→ Data section
Content starts

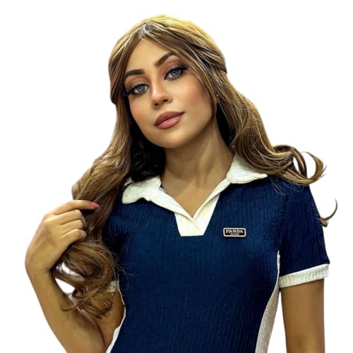 - شعر مستعار نسائي: شعر مستعار طويل بتصفيف مموج وطبيعي بلون بني مع خصل شقراء يمنحك إطلالة عصرية وجذابة
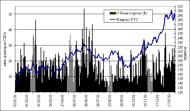 В январе на российском рынке акций продолжился повышательный тренд. С 29 декабря по 30 января рост индекса РТС составил на 23.63 пункта (9.09%), оборот превысил $405 млн., что более чем на 40% выше аналогичного показателя предыдущего месяца. 8 января дневной оборот достиг полугодового максимума – $37.9 млн(Последний раз объём торгов превышал данное значение 12 июля 2001 года.). Среднедневной объем торгов в РТС составил $21.4 млн. В первую декаду месяца наблюдался бурный рост индекса РТС (с 29 декабря по 9 января фондовый индикатор вырос на 11.8%). Максимальный дневной рост был зафиксирован 8 января и составил 4.3%. Далее индекс также демонстрировал активный рост и 22 января достиг очередного исторического максимума – 301.45 пункта. (Последний раз индекс РТС превышал отметку 300 пунктов 08 мая 1998 года.) Однако в конце месяца индекс не смог удержать достигнутых высот: после рекордного повышения произошло стремительное падение. 25 января снижение (по сравнению с максимумом) составило 23.11 пункта (-7.6%).
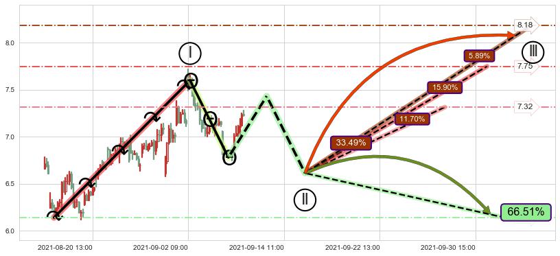 ➢ 循环浪继续向上【最低】位置(09-28:15, 7.32),匹配聚类样本比例34.93%, 可能性概率11.70%
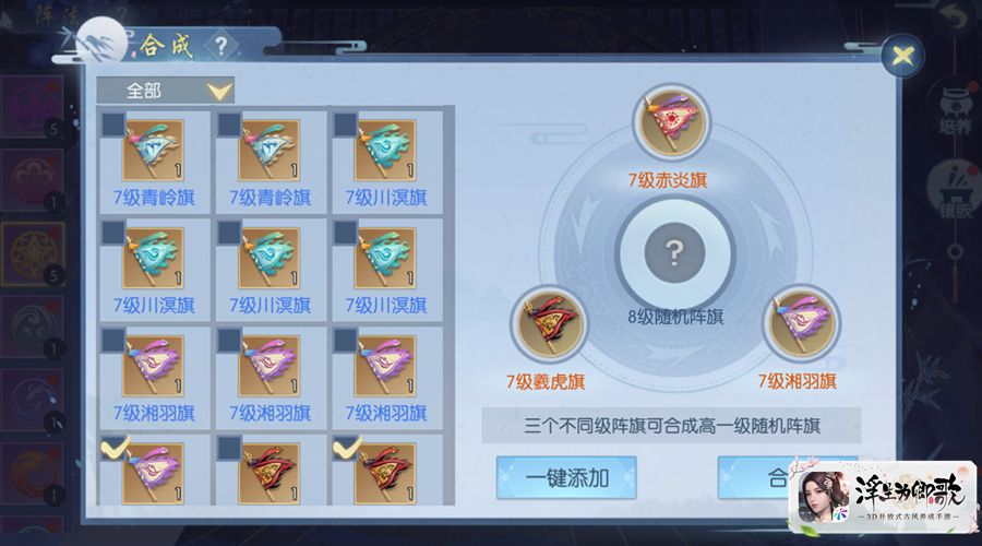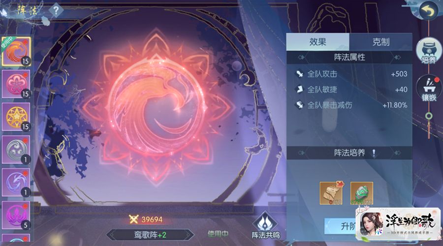 阁下在战斗中,不同的阵法将会因为克制关系触发克制属性。在战斗中,被克制的全队将减少伤害,克制方全队将增加伤害。除此以外,阁下还可在塔居困阵副本中挑战,并获取碎片合成阵法书。而阵法中的阵旗属性则偏向不一,且不同的阵法可镶嵌的阵旗有所限制,高等级的阵旗阁下可通过低一级的阵旗来合成使用。

Content ends

→ What the task requires
Write out verbatim the lines from the one containing "循环浪继续向上【最低】位置(09-28:15, 7.32),匹配聚类样本比例34.93%, 可能性概率11.70%" through the last line of the listing above, and no other lines; omit pictures.

→ Result for this task
 ➢ 循环浪继续向上【最低】位置(09-28:15, 7.32),匹配聚类样本比例34.93%, 可能性概率11.70%
 阁下在战斗中,不同的阵法将会因为克制关系触发克制属性。在战斗中,被克制的全队将减少伤害,克制方全队将增加伤害。除此以外,阁下还可在塔居困阵副本中挑战,并获取碎片合成阵法书。而阵法中的阵旗属性则偏向不一,且不同的阵法可镶嵌的阵旗有所限制,高等级的阵旗阁下可通过低一级的阵旗来合成使用。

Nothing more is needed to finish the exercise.